All tasks in this suite are multiple-choice evaluations. Each question has N answer options. The model is scored by computing log-likelihood for each option and comparing them.

Per-choice scores#

For each choice i:

sum_logits_i = sum of log-probabilities for the choice continuation
num_tokens_i, num_chars_i, num_bytes_i = length of the choice continuation
logits_per_token_i = sum_logits_i / num_tokens_i
logits_per_char_i = sum_logits_i / num_chars_i
bits_per_byte_i = -log2(e) * (sum_logits_i / num_bytes_i)

Lower bits/byte is better (it corresponds to higher likelihood per byte).

Accuracy metrics (per question)#

Let gold be the correct option index.

acc_raw: 1 if argmax(sum_logits) == gold, else 0
acc_per_token: 1 if argmax(logits_per_token) == gold, else 0
acc_per_char: 1 if argmax(logits_per_char) == gold, else 0
acc_per_byte: 1 if argmin(bits_per_byte) == gold, else 0

Optional unconditioned accuracy#

Some tasks can compute a length-normalized, unconditioned variant:

For each choice: score_i = sum_logits_i - sum_logits_uncond_i
acc_uncond: 1 if argmax(score_i) == gold, else 0

Correct-choice log-likelihood metrics#

These are the log-likelihood values for the gold option only:

sum_logits_corr = sum_logits_gold
logits_per_token_corr = logits_per_token_gold
logits_per_char_corr = logits_per_char_gold
bits_per_byte_corr = bits_per_byte_gold

Aggregation to suite score#

Per task: metrics are averaged across questions (mean).
Suite level: metrics are macro-averaged across tasks (each task contributes equally).
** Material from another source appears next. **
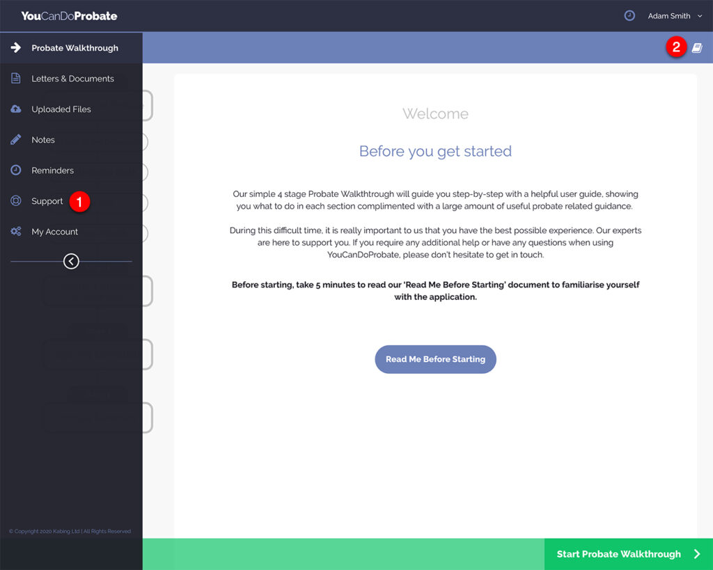 Take the time to read through the first sections of the Probate Walkthrough User Guide before starting. This will give you an idea of how the application works and familiarise yourself with the useful facilities. The Probate Walkthrough User Guide has step-by-step instructions for each section of the walkthrough and will support you though using the application. This is complimented with a large amount of useful probate related support and guidance articles.

4) Prompt structure (non-STEM MC tasks)#

All tasks use a shared multiple-choice prompt pattern. The general shape is:

Question: {question}
A. {choice_1}
B. {choice_2}
C. {choice_3}
D. {choice_4}
Answer:

Variants you should expect#

PIQA uses a goal-oriented prefix: Goal: {goal} then two options (A/B).
SocialIQA uses a short context plus a question.
Gen2MC datasets (CoQA/DROP/Jeopardy/NQ/SQuAD) embed a passage or context, then a question, then MC options.

Few-shot formatting#

When num_shots > 0, few-shot examples are appended before the target question:

{example_1_question_and_choices}{example_1_answer}

{example_2_question_and_choices}{example_2_answer}

...

{current_question_and_choices}
Answer:

Note

Because choices can differ in length, the suite reports both raw accuracy and length-normalized variants (per-token/char/byte). The suite score is a macro-average across tasks.